** What needs to be done **
Your task is to retype every entry exactly while omitting the pictures.

** Stored data **
+ + + + + + +
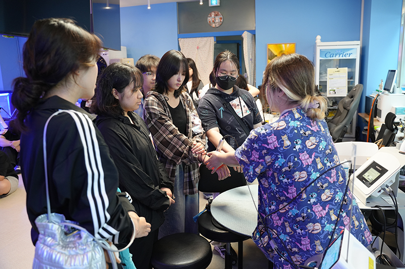 체험특강에 참가한 학생들은 직접 반려견을 핸들링하며, 수중 러닝머신을 활용한 재활물리치료를 체험해보는 시간을 가졌습니다. 또한 재활물리치료센터에 설치된 다양한 장비들을 활용해 반려동물 도수치료 과정을 실제로 경험하며, 전문적인 치료 시스템에 대해 이해하며 진로에 한 발짝 나아갈 수 있는 시간이었습니다.
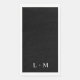 Serviette noire. Monogramme blanc. Contemporain. Guest Napkin. Disposition horizontale.
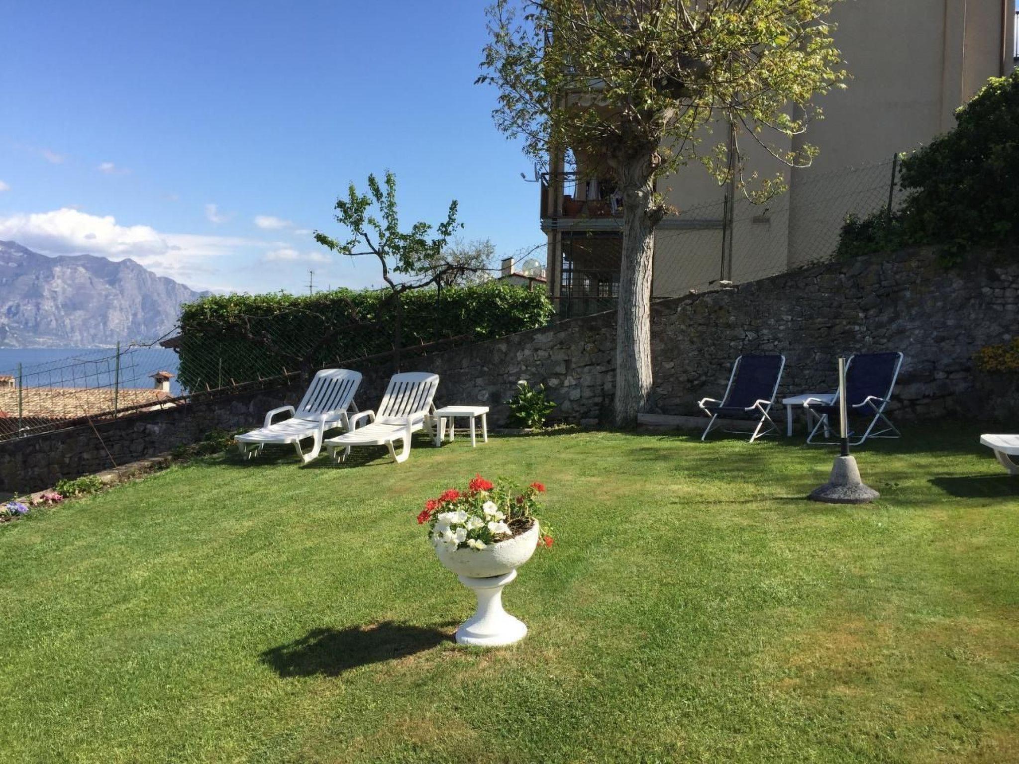 Der Garten ist ein Traum, sehr gepflegt, Liegen, Holzbänke, Kamin mit Grill, ein Blick über den Gardasee auf der Westeite, wie ein Postkartenmotiv.Schoene Hanlage mit Blick auf den See, sehr ruhig und ohne Verkehr in der Naehe.Haustiere sind erlaubt. Für zwei Personen ist dieses kleine Appartment völlig ausreichend. Es wurde kürzlich komplett renoviert.Die Deckenhöhe beträgt 2,10 m.
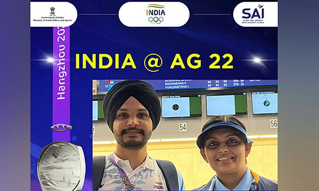 "India's 8th SiLVER in Shooting Hats off to our stellar duo, #KheloIndiAthlete@Sarabjotsingh30 Singh and #TOPSchemeAthlete Divya who secured Silver in the 10m Air Pistol Mixed Team event at #AsianGames2022. Their remarkable performance adds another feather to India's glorious tally of 34 medals, with 19 in shooting. Superb!! #Cheer4India #Hallabol #JeetegaBharat #BharatatAG22," tweeted SAI Media.
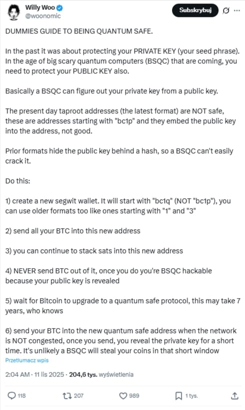 Segregated Witness — это обновление протокола Биткойн, реализованное в 2017 году. По словам Ву, стандартные адреса Taproot встраивают открытый ключ в сам адрес, что делает его уязвимым для атак квантовых компьютеров. SegWit, с другой стороны, скрывает открытый ключ до тех пор, пока транзакция не будет записана. Отсюда вывод: в эпоху «Большой паники перед квантовыми компьютерами» (BSQC) необходимо защищать не только закрытый ключ, но и открытый ключ.
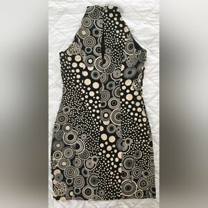 ๐ Black White Retro Sleeveless Geometric Circle Print Patterned Dress Size 2๐
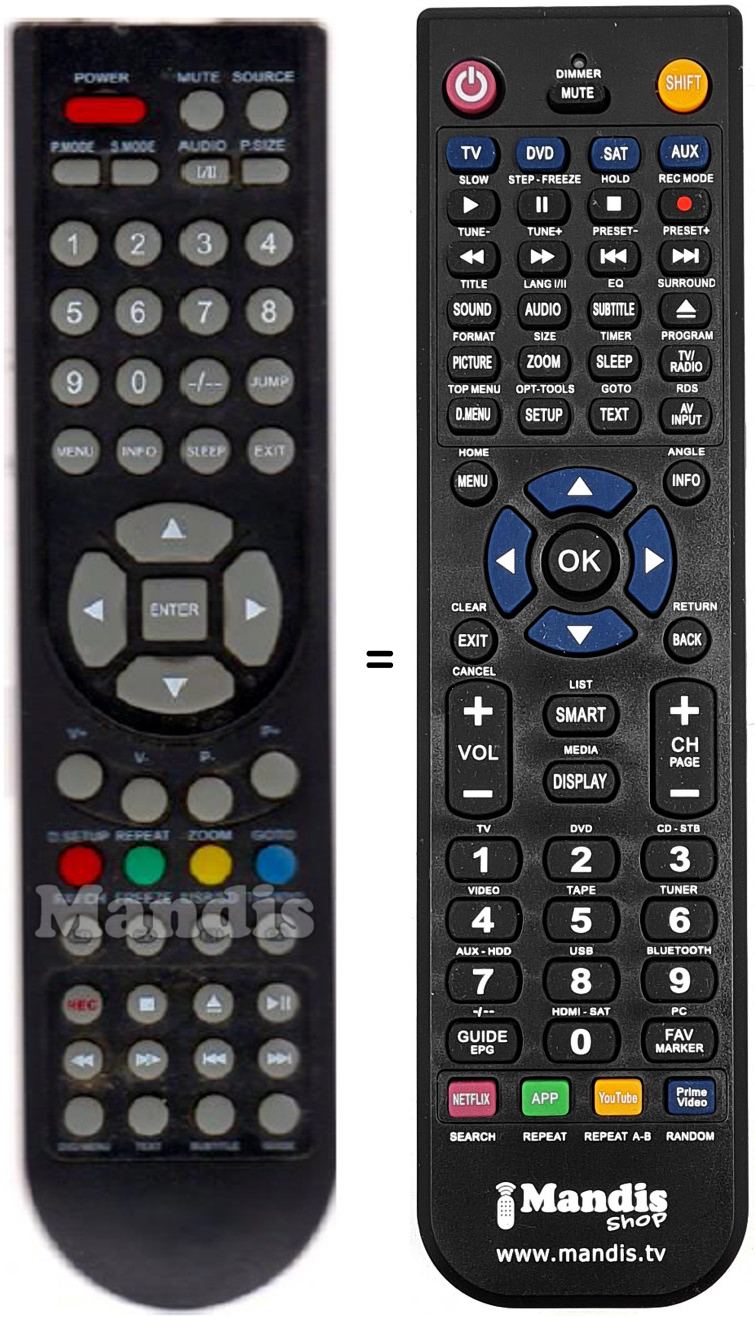Télécommande qui remplace celle d'origine car elle possède les mêmes fonctions.
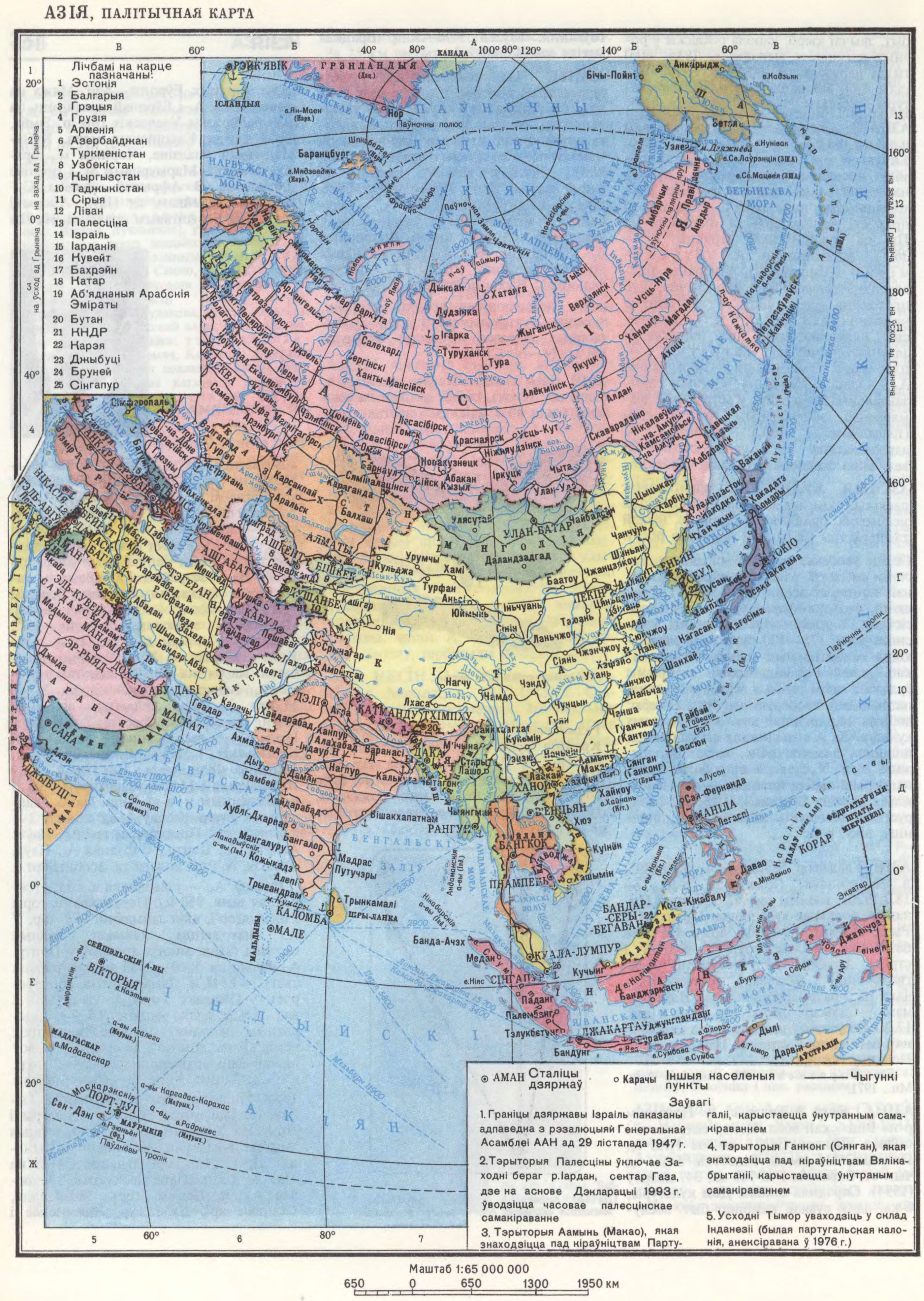 Палітычны падзел. У межах Азіі і на прылеглых а-вах размешчаны дзяржавы: Аб’яднаныя Арабскія Эміраты, Азербайджан, Аман, Арменія, Афганістан, Бангладэш, Бахрэйн, Бруней, Бутан, В’етнам, Грузія, ч. Егіпта, Ізраіль, Іарданія, Індыя, Інданезія, Ірак, Іран, Йемен, Казахстан, Камбоджа, Карэйская Народна-Дэмакратычная Рэспубліка, Катар, Кіпр, Кітай, Кувейт, Кыргызстан, Лаос, Ліван, Малайзія, Мальдывы, Манголія, М’янма, Непал, Пакістан, Палесціна (тэр.Зах. берага р. Іардан і сектар Газа), Расійская Федэрацыя, Рэспубліка Карэя, Саудаўская Аравія, Сінгапур, Сірыя, Таджыкістан, Тайланд, б.ч. Турцыі, Туркменістан, Філіпіны, Шры-Ланка, Японія, а таксама тэр. Аамынь (уладанне Партугаліі) і Сянган (Ганконг; уладанне Вялікабрытаніі).
+ + + + + + +
** Answer space **
 체험특강에 참가한 학생들은 직접 반려견을 핸들링하며, 수중 러닝머신을 활용한 재활물리치료를 체험해보는 시간을 가졌습니다. 또한 재활물리치료센터에 설치된 다양한 장비들을 활용해 반려동물 도수치료 과정을 실제로 경험하며, 전문적인 치료 시스템에 대해 이해하며 진로에 한 발짝 나아갈 수 있는 시간이었습니다.
 Serviette noire. Monogramme blanc. Contemporain. Guest Napkin. Disposition horizontale.
 Der Garten ist ein Traum, sehr gepflegt, Liegen, Holzbänke, Kamin mit Grill, ein Blick über den Gardasee auf der Westeite, wie ein Postkartenmotiv.Schoene Hanlage mit Blick auf den See, sehr ruhig und ohne Verkehr in der Naehe.Haustiere sind erlaubt. Für zwei Personen ist dieses kleine Appartment völlig ausreichend. Es wurde kürzlich komplett renoviert.Die Deckenhöhe beträgt 2,10 m.
 "India's 8th SiLVER in Shooting Hats off to our stellar duo, #KheloIndiAthlete@Sarabjotsingh30 Singh and #TOPSchemeAthlete Divya who secured Silver in the 10m Air Pistol Mixed Team event at #AsianGames2022. Their remarkable performance adds another feather to India's glorious tally of 34 medals, with 19 in shooting. Superb!! #Cheer4India #Hallabol #JeetegaBharat #BharatatAG22," tweeted SAI Media.
 Segregated Witness — это обновление протокола Биткойн, реализованное в 2017 году. По словам Ву, стандартные адреса Taproot встраивают открытый ключ в сам адрес, что делает его уязвимым для атак квантовых компьютеров. SegWit, с другой стороны, скрывает открытый ключ до тех пор, пока транзакция не будет записана. Отсюда вывод: в эпоху «Большой паники перед квантовыми компьютерами» (BSQC) необходимо защищать не только закрытый ключ, но и открытый ключ.
 ๐ Black White Retro Sleeveless Geometric Circle Print Patterned Dress Size 2๐
Télécommande qui remplace celle d'origine car elle possède les mêmes fonctions.
 Палітычны падзел. У межах Азіі і на прылеглых а-вах размешчаны дзяржавы: Аб’яднаныя Арабскія Эміраты, Азербайджан, Аман, Арменія, Афганістан, Бангладэш, Бахрэйн, Бруней, Бутан, В’етнам, Грузія, ч. Егіпта, Ізраіль, Іарданія, Індыя, Інданезія, Ірак, Іран, Йемен, Казахстан, Камбоджа, Карэйская Народна-Дэмакратычная Рэспубліка, Катар, Кіпр, Кітай, Кувейт, Кыргызстан, Лаос, Ліван, Малайзія, Мальдывы, Манголія, М’янма, Непал, Пакістан, Палесціна (тэр.Зах. берага р. Іардан і сектар Газа), Расійская Федэрацыя, Рэспубліка Карэя, Саудаўская Аравія, Сінгапур, Сірыя, Таджыкістан, Тайланд, б.ч. Турцыі, Туркменістан, Філіпіны, Шры-Ланка, Японія, а таксама тэр. Аамынь (уладанне Партугаліі) і Сянган (Ганконг; уладанне Вялікабрытаніі).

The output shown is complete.